Eli Tyre comments on Eli’s shortform feed

Eli Tyre 29 Aug 2024 18:53 UTC
2 points
0
from what I understand, Yudowsky therefore doesn’t classify the original request (give me half your wheat or die) as a threat.
This seems like it weakens the “don’t give into threats” policy substantially, because it makes it much harder to tell what’s a threat-in-the-technical-sense, and the incentives push of exaggeration and dishonesty about what is or isn’t a threat-in-the-the-technical-sense.

The bandits should always act as if they’re willing to kill the farmers and take their stuff, even if they’re bluffing about their willingness to do violence. The farmers need to estimate whether the bandits are bluffing, and either call the bluff, or submit to the demand-which-is-not-technically-a-threat.

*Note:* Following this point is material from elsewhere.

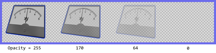 Using the property Opacity you can modulate the original opacity of the displayed component image, so that it appears semi-transparent even if the original content was opaque. The valid values for the property Opacity are 0 .. 255, whereby the smaller the value the more transparent the resulting image. For example:
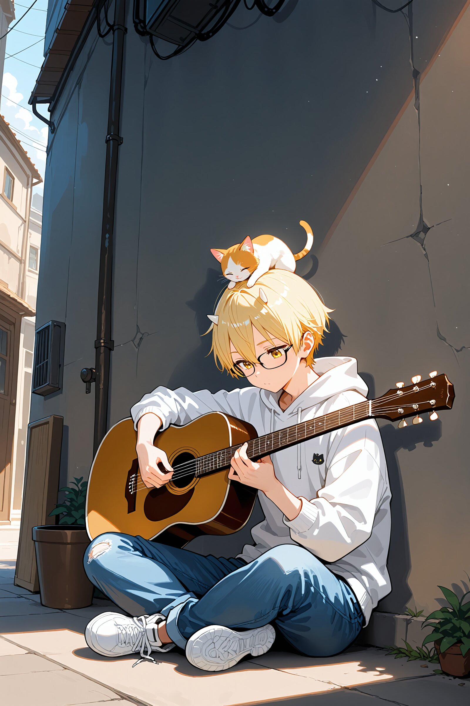 路地裏でギターを弾く、ストリートミュージシャン風の姿が新鮮で素敵です!🎸✨ パーカーにジーパンというカジュアルなスタイルと、頭の上で寛ぐ猫ちゃんの組み合わせが、とっても平和で癒やされますね🐈💕 優しい日差しの中、どんな曲を奏でているのか想像が膨らみます!🙏

That policy has notably more complexity than just “don’t give in to threats.”
- kave 29 Aug 2024 20:16 UTC
  2 points
  0
  Parent
  What is the “don’t give in to threats” policy that this is more complex than? In particular, what are ‘threats’?
  - Eli Tyre 30 Aug 2024 17:43 UTC
    1 point
    0
    Parent
    “Anytime someone credibly demands that you do X, otherwise they’ll do Y to you, you should not do X.” This is a simple reading of the “don’t give into threats” policy.

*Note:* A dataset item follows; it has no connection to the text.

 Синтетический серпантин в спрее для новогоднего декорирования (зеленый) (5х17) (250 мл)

    - kave 30 Aug 2024 20:01 UTC
      2 points
      0
      Parent
      What are the semantics of “otherwise”? Are they more like:
      X otherwise Y ↦ X → ¬Y, or
      X otherwise Y ↦ X ↔ ¬Y
    - kave 30 Aug 2024 17:46 UTC
      2 points
      0
      Parent
      Presumably you also want the policy to include that you don’t want “Y” and weren’t going to do “X” anyway?
      - Eli Tyre 30 Aug 2024 17:58 UTC
        2 points
        0
        Parent
        Yes, to the first part, probably yes to the second part.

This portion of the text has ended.